Bunga Gerbera tidak hanya dikenal sebagai tanaman hias, tetapi juga menjadi simbol keceriaan, cinta, dan persahabatan dalam berbagai budaya. Kehadirannya yang menawan dan makna simbolisnya telah menjadikannya populer dalam berbagai acara dan perayaan, serta sebagai bunga hadiah yang penuh arti.
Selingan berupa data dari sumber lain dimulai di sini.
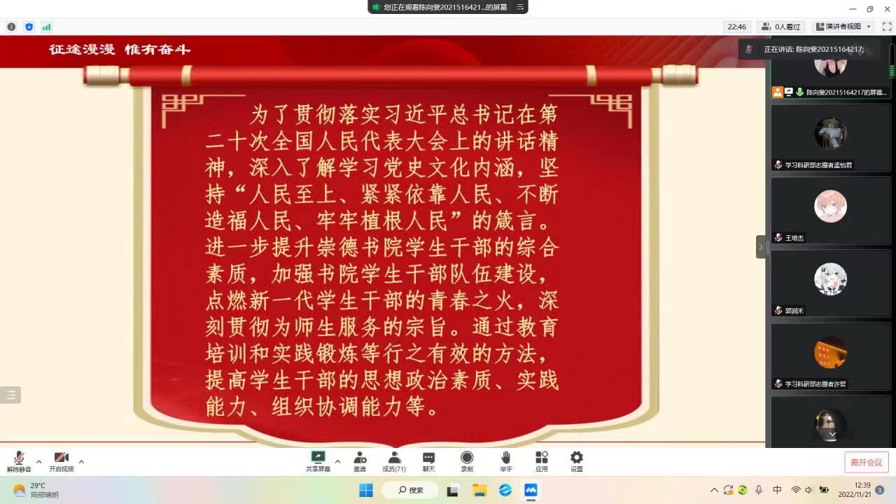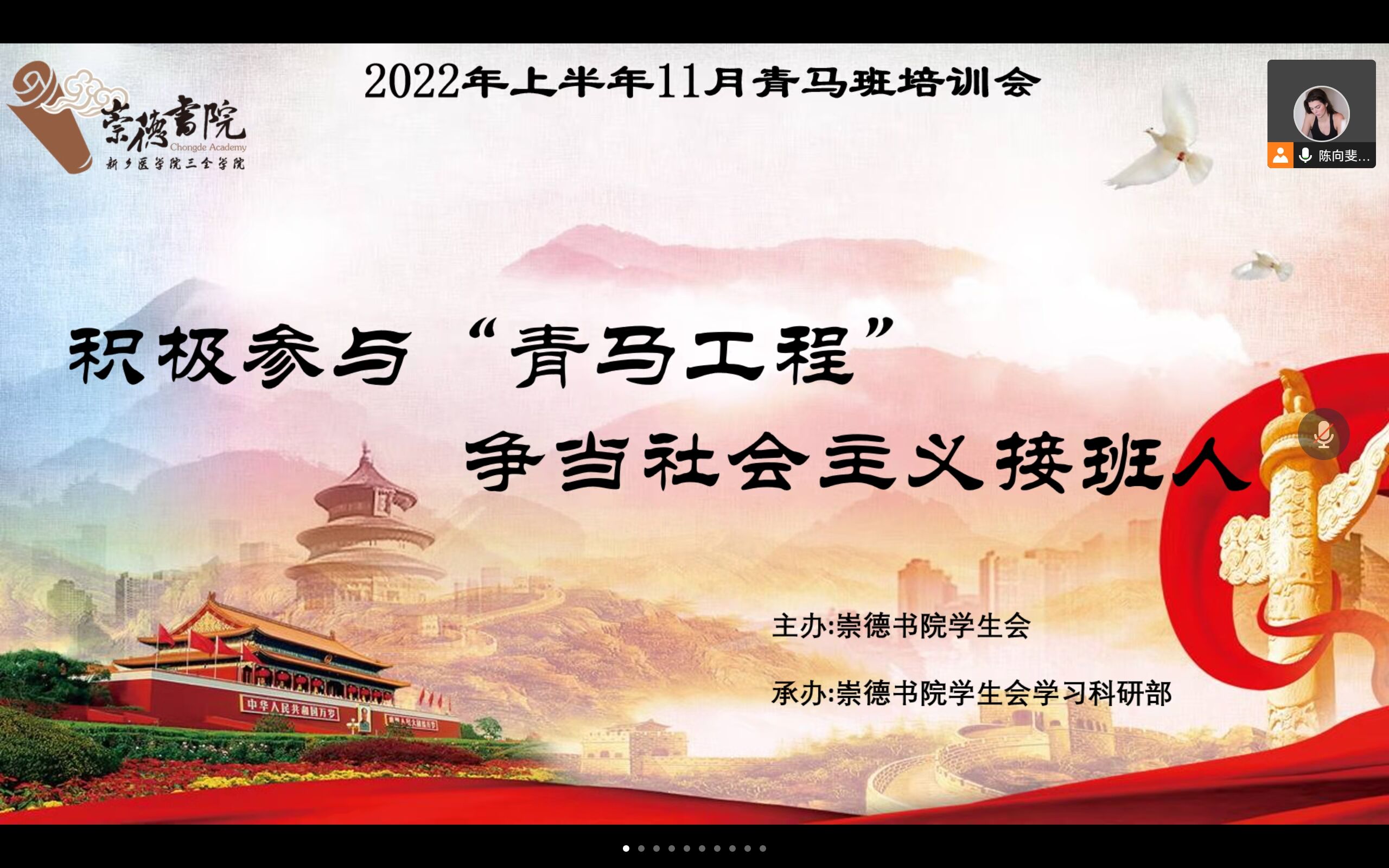 为促进崇德书院学生干部了解自身职责,提高学生干部政治素质,自主化管理、规范化建设的能力,提升其思想站位,同时加强学生干部之间的交流合作。在中国共产党第二十次全国代表大会胜利召开的背景下,崇德书院学生会分会学习科研部于11月21号线上开展崇德书院青年马克思主义者培养工程2022年上半年第一次培训,本次培训由新乡医学院三全学院崇德书院团总支书记张晟烨组织召开。

Syarat Tumbuh Bunga Gerbera
Bunga Gerbera biasa ditemukan tumbuh di ketinggian, mulai dari 560 mdpl hingga 1.400 mdpl.Tanaman ini mampu beradaptasi dengan suhu yang bervariasi, dengan suhu minimum ideal antara 13,70°C hingga 18°C, sementara suhu maksimumnya berkisar antara 19,5°C hingga 30°C.Karena itu, Gerbera sangat cocok untuk lingkungan iklim sejuk. Pertumbuhan optimal bunga Gerbera terjadi pada tanah lempung berpasir yang memungkinkan drainase yang baik. Selain itu, perlu diperhatikan tingkat keasaman tanahnya, yang sebaiknya berada dalam rentang pH 5,5 sampai 7,0, agar tanaman tetap sehat dan subur.
Cara Menanam
Untuk kamu yang ingin menanam bunga gerbera berikut adalah caranya.
Persiapan Lahan
Pada tahap persiapan lahan, penting untuk memastikan bahwa Anda telah melakukan persiapan dengan teliti. Media tanam untuk Gerbera umumnya berupa bedengan yang dilapisi atap plastik bening. Fungsi atap ini adalah untuk melindungi tanaman dari hujan berlebih atau sinar matahari yang terlalu panas, sehingga tanaman tidak rusak. Selain itu, atap tersebut juga berperan dalam mencegah serangan hama.Dalam tahap ini, perhatikan khususnya aspek drainase. Jika drainase tidak diatur dengan baik, air hujan bisa menggenang dan merusak akar tanaman Gerbera.
Penanaman
Ketika memasuki tahap tanam, Gerbera sebenarnya dapat ditanam sepanjang tahun, tetapi direkomendasikan untuk ditanam pada awal musim kemarau atau penghujan. Yang paling penting adalah memastikan pasokan air yang cukup. Langkah-langkah dalam menanam Bunga Gerbera meliputi persiapan lahan di bedengan, polybag, atau pot. Buatlah lubang sesuai ukuran bibit dengan baik, dan berikan jarak antar lubang sekitar 25-35 cm. Setelah menanam bibit Gerbera dan meratakan tanah di sekitar batang, siram tanaman hingga tanah menjadi lembab.
Pemeliharaan
Proses pemeliharaan meliputi penyiraman 1-2 kali sehari, pemupukan rutin setiap bulan, serta perhatian terhadap intensitas cahaya matahari dan nutrisi tanah. Pemeliharaan juga meliputi pembersihan dari rumput liar dan gulma yang dapat mengancam kesehatan tanaman.
Pengendalian Hama
Penting juga untuk mengatasi hama dan penyakit. Hama yang mungkin menyerang termasuk pengorok daun, ulat daun, belalang, dan thrips. Penggunaan insektisida dapat membantu mengatasi masalah ini. Penyakit yang umum meliputi bercak daun, kapang kelabu, dan penyakit tepung. Solusi mengatasi hal ini bisa dengan pestisida.
Panen
Pada tahap panen, bunga Gerbera biasanya mulai berbunga setelah 6-8 bulan dari biji atau 3-5 bulan dari bibit. Bunga bisa panen saat sudah mekar sepenuhnya atau saat berada dalam bentuk kuncup setengah mekar. Proses panen sebaiknya pada pagi atau sore hari.